Well, you are as sick as your secrets, the saying goes, and as Justice Louis Brandeis once said, "Sunlight is the best disinfectant." So, here goes. Mom, close your eyes. I've had sex in public restrooms and parks, thought it was hot AND been concerned about my sexual compulsivity. I've had awesome sexual experiences on meth AND gotten freaked out by the destructive force of that drug. I've flirted with unprotected sex, been totally aroused by barebacking AND felt tremendous anxiety about our community norms around it.
Whew! I feel better, don't you? Admit it.
Of course, I'm an out gay man, not a closeted hypocrite who voted for the Defense of Marriage Act. But I'm not sure that distinction really means too much to me emotionally. I know there is a difference between Senator Craig and me - I'm not deceiving a spouse nor voting on far-reaching national legislation, but still, I'm hardwired to crumple at my own or any one else's public pie in the face, even if they deserved it.
Guess what, maybe it's about coming out even more, even for all us out loud and proud types reading this newspaper.

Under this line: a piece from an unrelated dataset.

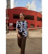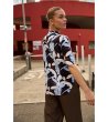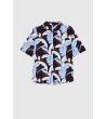 Cămașă de damă albastru închis cu mânecă scurtă și imprimeu

By the way, I think that hair-trigger shame is partially where gay men's extraordinary emotional intelligence comes from. The empathy that fuels our artistic sensitivity or the supportive insight we are known for emanates from the inner knowledge that develops long before we ever suck a dick that we are somehow, innately wrong.
Some of us are able to overcome the paralyzing force of that shame to lead productive and loving lives. But make no mistake, as mainstreamed as MTV and CNN and USA Today and often we ourselves insist we are, gay men - and for that matter, all sexual minorities, our lesbian, bi, and trans sisters and brothers included - still pay a heavy price. We struggle mightily with direct outcomes of that shame - in our difficulty managing intimate relationships, and also in patently self-destructive acts like substance abuse, over-eating, and unsafe and otherwise dangerous sex.
So, stagnant, self-hating, denialist Senator Craig, my erstwhile fellow traveler, take a page out of the book of your much maligned compatriot Jim McGreevey and come out, come out, wherever you are. I won't say the water's just fine - it runs hot and cold - but it's fresh and it's pure and it's cleansing. See you in the steam room.